Rhodes State College is a two-year, state-assisted institution located in Allen County in west-central Ohio. Although its legally chartered district, established by the Ohio Board of Regents, is limited to Allen County, Rhodes State’s service area extends to nine other surrounding counties. The College was established in direct response to Allen County leaders’ expressed need for post-secondary technical education.
In February 1967, the Lima Area Chamber of Commerce conducted a survey to identify the technical education needs more clearly. The survey results served as the basis for the College’s Official Plan submitted to the Ohio Board of Regents. The Regents subsequently appropriated funds to The Ohio State University (OSU) to construct facilities on its Lima Campus to accommodate technical education. Penta County Technical Institute of Perrysburg, Ohio was invited by the Ohio Board of Regents and OSU to assume operational control of technical education on the Lima Campus.
The first class, representing 49 nursing students, enrolled at the Lima Technical Center in September 1969. In June 1971, upon further recommendation of the Ohio Board of Regents, and in accordance with the Ohio Board of Regents-Master Plan of 1966, the Allen County Technical College District was created under the provisions of Chapter 3357 of the Ohio Revised Code. Interim operation of technical education was transferred from Penta County Technical Institute to OSU. On September 17, 1971, a local Board of Trustees was appointed and assumed legal, statutory, and fiduciary control of the College. On May 18, 1972, the College was officially recognized as Lima Technical College (LTC).
By the mid-1990s, LTC offered over 70 associate degree programs and certificates. The College boasted an enrollment of approximately 2,500 students, and numerous non-credit courses serving professional training, skills upgrading, recreational, learning and personal development were offered through the Division of Community Education Services.
During this time, the unique relationship with The Ohio State University at Lima (OSU-L) had extended beyond proximity and included sharing the same facilities; some courses; and some service unit personnel, including the Chief Executive Officer who served as both the President of LTC and Dean/Director of OSU-L. The relationship was and continues to be governed by a Cost-Share Agreement, which details terms of operation and financial responsibility.

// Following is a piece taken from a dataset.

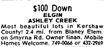 Most beautiful lots in Kershaw County! 2.4 mi. from Blaney Elem. on Smyrna Rd. Owner finan. Mobile Homes Welcomed. 749-006 or 432-2969.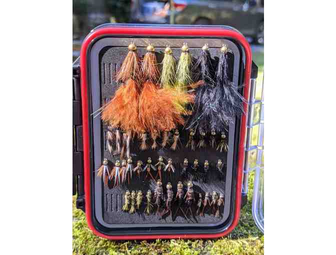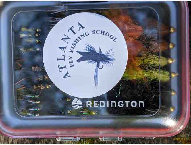 Redington double sided fly box with 92 flies donated by the Atlanta Fly Fishing School.

In 1991, separations occurred between LTC and OSU-L. LTC hired its own CEO as President, and OSU-L hired its own Dean/Director. The separation extended beyond leadership, freeing LTC to broaden the scope of its curricula and non-credit offerings by assuming full responsibility for required general education courses and moving from a general continuing education platform into workforce development training. Security, Student Athletics and Activities, Central Duplication and Mail Services, Library Services, Facilities/Grounds, and Room Scheduling continued to be shared, although each reports to one or other of the institutions. During this same period, the Ohio Board of Regents’ Managing for the Future and Securing the Future initiatives resulted in converting Ohio’s free standing technical colleges to community colleges. After significant debate, the technical colleges co-located with University branch campuses (similar to Lima Technical College) were denied this conversion opportunity.
This limited Ohio’s co-located technical colleges to career-related technical disciplines and applied associate degrees, preventing them from offering the Associate of Arts and Associate of Science degrees.
In 2002, to symbolize the diverse educational opportunities that the College offered, Lima Technical College changed its name to James A. Rhodes State College, in honor of former governor James A. Rhodes, who played a vital role in establishing Ohio’s two-year college system.
In 2005, Rhodes State College offered applied associates degrees and certificates in over ninety programs. This same year, over three thousand students enrolled. By fall 2007 enrollments grew to 3,386 students and in June 2008, Rhodes State College honored its 13,000th graduate.